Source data
%%
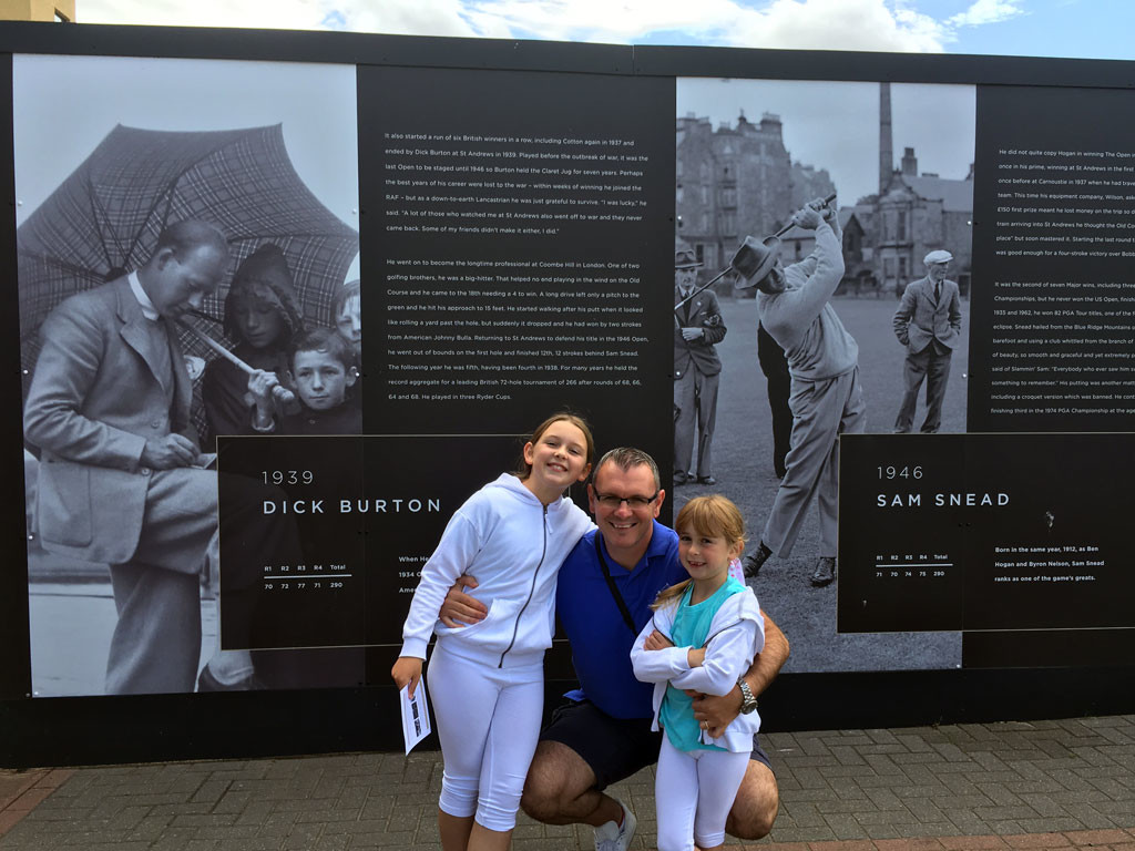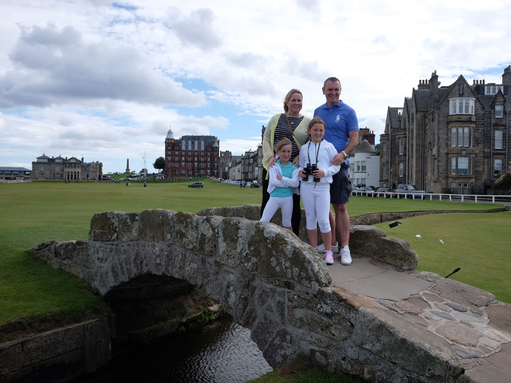 Leaving the hotel we made the short 10 minute walk from the Old Course hotel into St Andrews which runs alongside the golf course taking in the breathtaking views. En-route we stopped off for a family photo at the famous Swilken Bridge, where many golfing legends have had their photo after winning the Open.
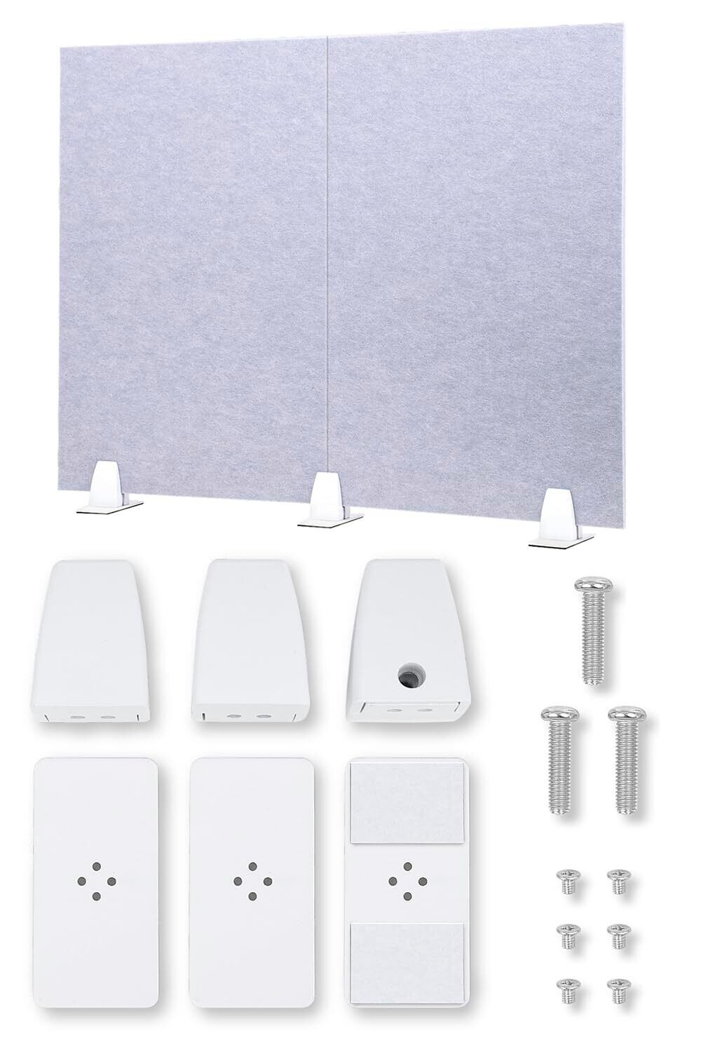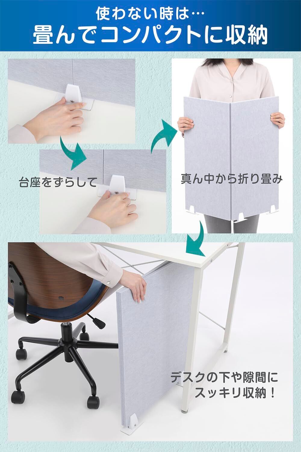 使わない時は畳んで収納 : デスクの下にも仕舞えます。商品セット内容: パーテーション本体 1枚、台座(板・クリップ)各3つ、ネジ小 6本、ネジ大 3本 ※ドライバーは付属していません。
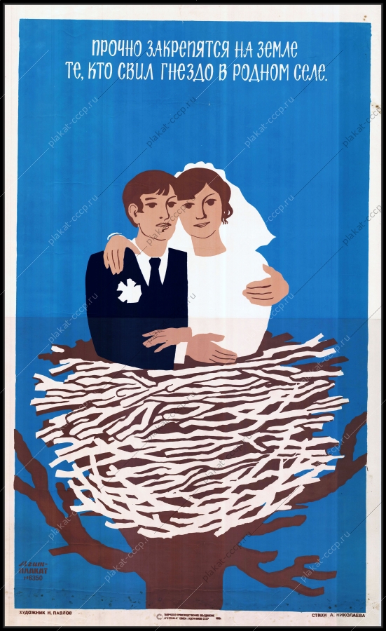 Советский плакат СССР Оригинальный советский плакат семейные ценности молодожены на селе свадьба бракосочетаниеАртикул: prom_plakat_3670
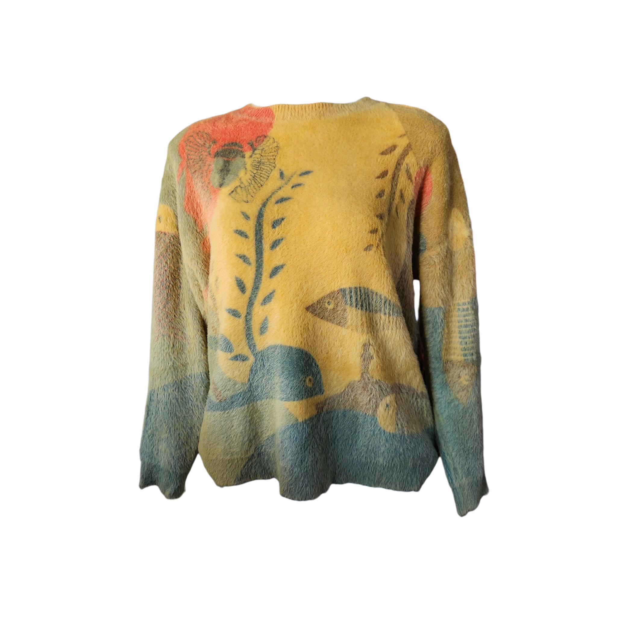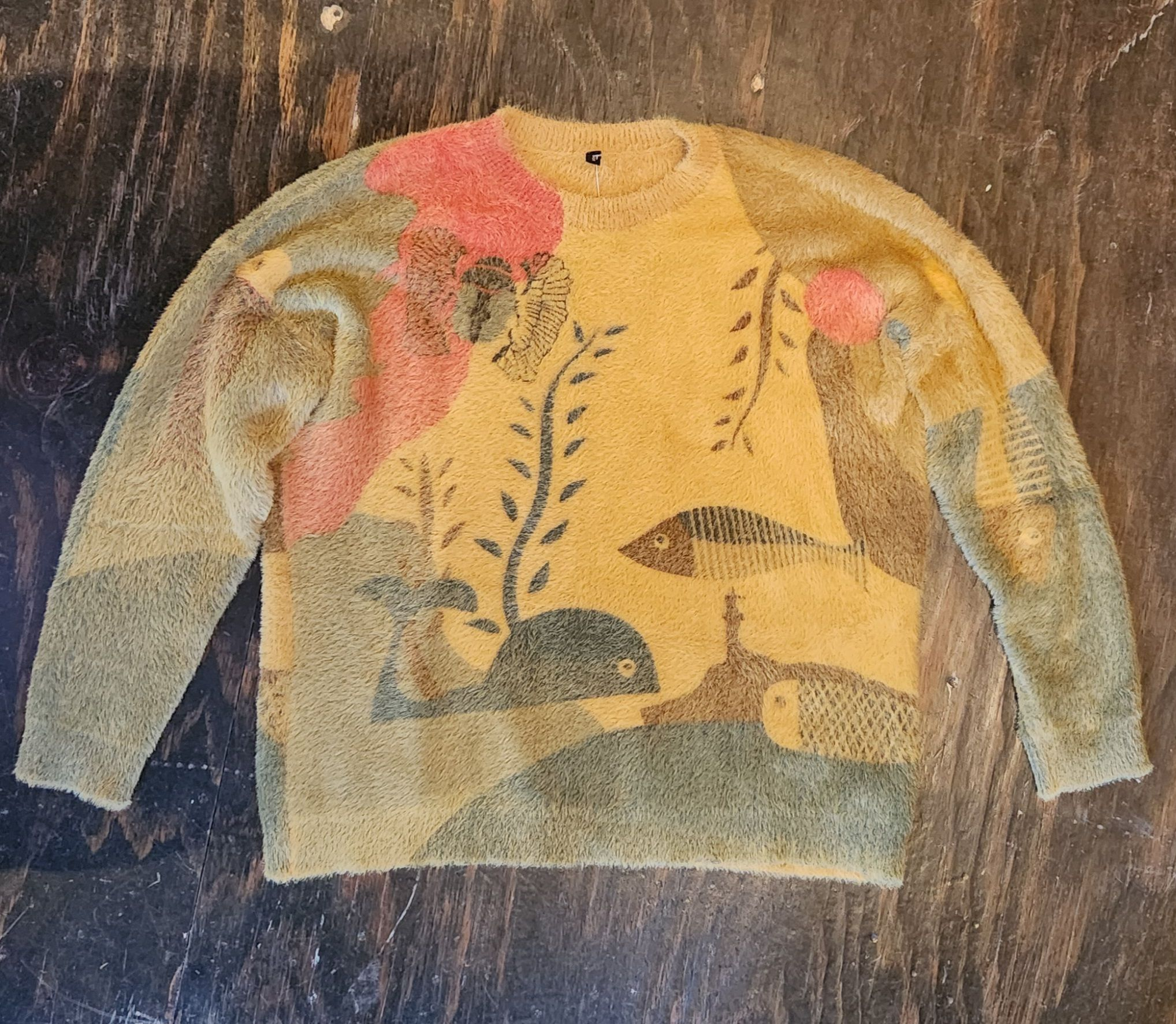 Oversized, super soft, fuzzy sweater, with funky fish design.
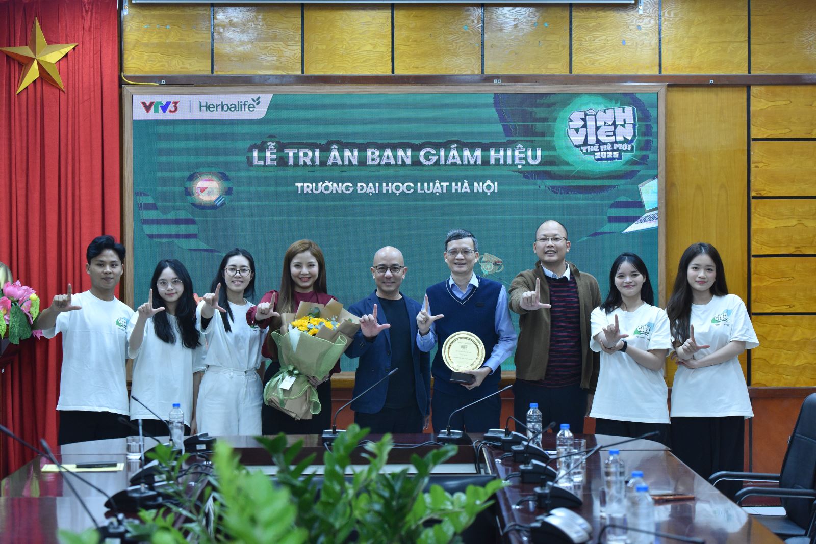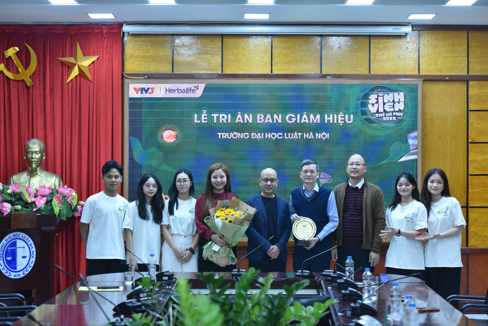 Đại diện lãnh đạo Nhà trường, ban Văn hóa - Giái trí Đài Truyền hình Việt Nam và đội thi của Trường Đại học Luật Hà Nội cùng nhau chụp ảnh lưu niệm tại buổi lễ.
%%
EXERCISE PROMPT
Reproduce the data above exactly, leaving each picture out.

TASK ANSWER
 Leaving the hotel we made the short 10 minute walk from the Old Course hotel into St Andrews which runs alongside the golf course taking in the breathtaking views. En-route we stopped off for a family photo at the famous Swilken Bridge, where many golfing legends have had their photo after winning the Open.
 使わない時は畳んで収納 : デスクの下にも仕舞えます。商品セット内容: パーテーション本体 1枚、台座(板・クリップ)各3つ、ネジ小 6本、ネジ大 3本 ※ドライバーは付属していません。
 Советский плакат СССР Оригинальный советский плакат семейные ценности молодожены на селе свадьба бракосочетаниеАртикул: prom_plakat_3670
 Oversized, super soft, fuzzy sweater, with funky fish design.
 Đại diện lãnh đạo Nhà trường, ban Văn hóa - Giái trí Đài Truyền hình Việt Nam và đội thi của Trường Đại học Luật Hà Nội cùng nhau chụp ảnh lưu niệm tại buổi lễ.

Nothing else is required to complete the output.